I think adding a call to trace2 only for the test itself doesn't make a
lot of sense if we already have another way to verify. But would we
actually see any progress messages? `promisor_remote_get_direct()` knows
to bail out early in case there is nothing to be downloaded, so the only
difference really is the call to `odb_reprepare()`.

Or is it? This part here...

> diff --git a/builtin/backfill.c b/builtin/backfill.c
> index 0f31844ce7..67f9f28daf 100644
> --- a/builtin/backfill.c
> +++ b/builtin/backfill.c
> @@ -58,6 +58,7 @@ static void download_batch(struct backfill_context *ctx)
>  	 */
>  	odb_reprepare(ctx->repo->objects);
>  	display_progress(ctx->progress, ++ctx->batches_requested);
> +	trace2_data_intmax("backfill", ctx->repo, "batches_requested", ctx->batches_requested);
>  }
>  
>  static int fill_missing_blobs(const char *path UNUSED,

... looks different. What commit is this patch based on? There is no
call to `display_progress()` on "master", and you didn't mention any
other dependency in your cover letter. Please note such dependencies
when you post a patch that has any requirements.

But in any case, this here would cause us to print "batches_requested"
events repeatedly, which doesn't make a lot of sense.

> @@ -109,7 +110,7 @@ static int do_backfill(struct backfill_context *ctx)
>  	ret = walk_objects_by_path(&info);
>  
>  	/* Download the objects that did not fill a batch. */
> -	if (!ret)
> +	if ( (!ret) && (ctx->current_batch.nr > 0) )
>  		download_batch(ctx);
>  
>  	path_walk_info_clear(&info);

Please pay attention to our coding guidlines, see
"Documentation/CodingGuidelines".

I guess a more robust fix would add the check in `download_batch()`
itself, but I guess both alternatives work. But overall, it's sensible
to avoid repreparing the ODB in case we know nothing has changed.
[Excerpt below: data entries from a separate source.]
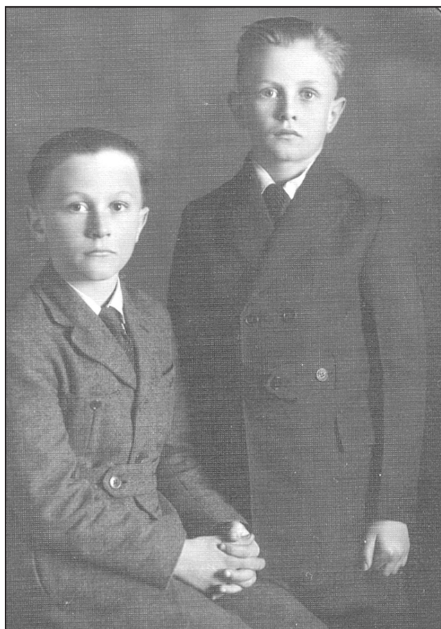
NO. 2 — Name these two well-dressed young men.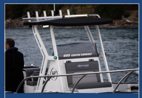
BILLETED TARGA FRAME WITH 6 ROD HOLDERS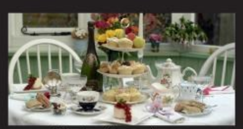
wedding breakfast - vintage teas

Tel: 01780 481356 Mobile: 07716 719329 Email: debswelton@yahoo.com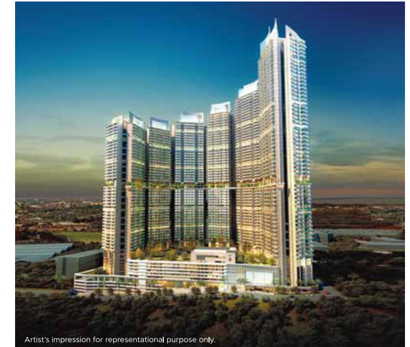
Artist's impression for representational purpose only.

Inspired by the shape of the crescent moon, the 6 magnificent towers at Crescent Bay, Parel come with a Sky Deck and a jogging track perched on the 21 st floor.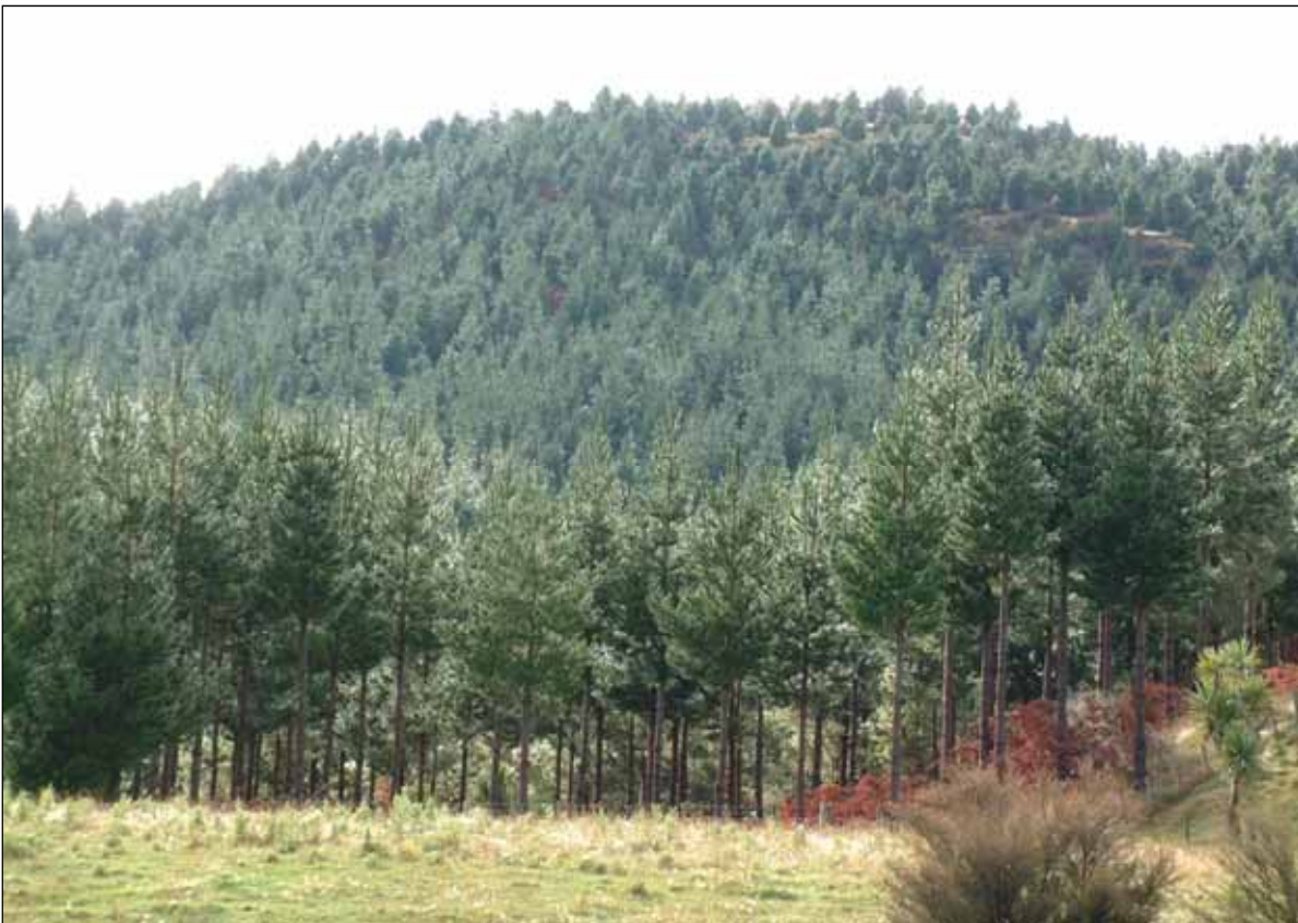
View of part of the 1997 stand looking north from the farm boundary. Photo March 2007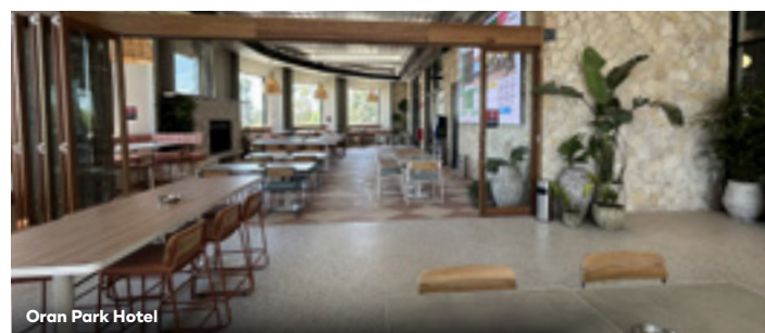
Oran Park Hotel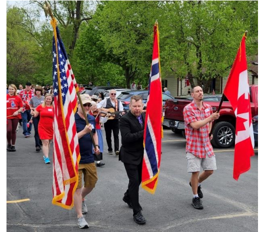
Last year's Syttende Mai parade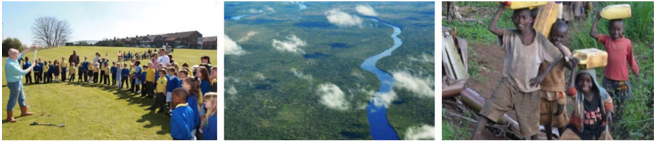
Sample Carbon Offsetting Projects - UK Schools Tree Planting - Amazon Avoided Deforestation, Brazil - Clean Water projects, Rwanda

The offsetting process is simple and straightforward - just visit www.carbonfootprint.com/carbonoffset.html and type in your CO 2 tonnage (from the front page of this report) and this will show you the latest range of projects and their pricings. Certification is available to download online.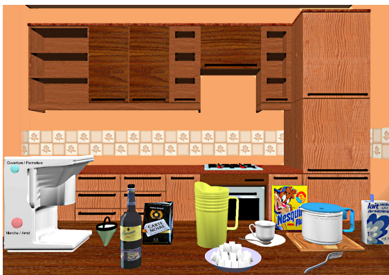
Figure 2: Snapshot of the basic kitchen configuration with distractor objects (chocolate box, fork, and bottle of wine).

> diff --git a/t/t5620-backfill.sh b/t/t5620-backfill.sh
> index a1a8d736db..d3cc4022bf 100755
> --- a/t/t5620-backfill.sh
> +++ b/t/t5620-backfill.sh
> @@ -221,6 +221,22 @@ test_expect_success 'backfill --sparse without cone mode (negative)' '
>  	test_line_count = 12 missing
>  '
>  
> +test_expect_success 'backfill does not request batches when up-to-date' '
> +	git clone --no-checkout --filter=blob:none \
> +		--single-branch --branch=main \
> +		"file://$(pwd)/srv.bare" backfill-up-to-date &&
> +
> +	# First trigger to have a full download
> +	git -C backfill-up-to-date backfill &&
> +
> +	# Second trigger to verify when already have a full download previously
> +	GIT_TRACE2_EVENT="$(pwd)/up-to-date-trace" git \
> +		-C backfill-up-to-date backfill &&
> +
> +	# Verify no  batches_request occurr
> +	test_grep ! "batches_requested" up-to-date-trace
> +'

I'm ultimately not sure whether this change even needs a test. We're not
changing any user-visible behaviour, we're simply skipping some
pointless busywork that doesn't do much, but that shouldn't really hurt
much, either.

Patrick

  reply	other threads:[~2026-04-01 11:51 UTC|newest]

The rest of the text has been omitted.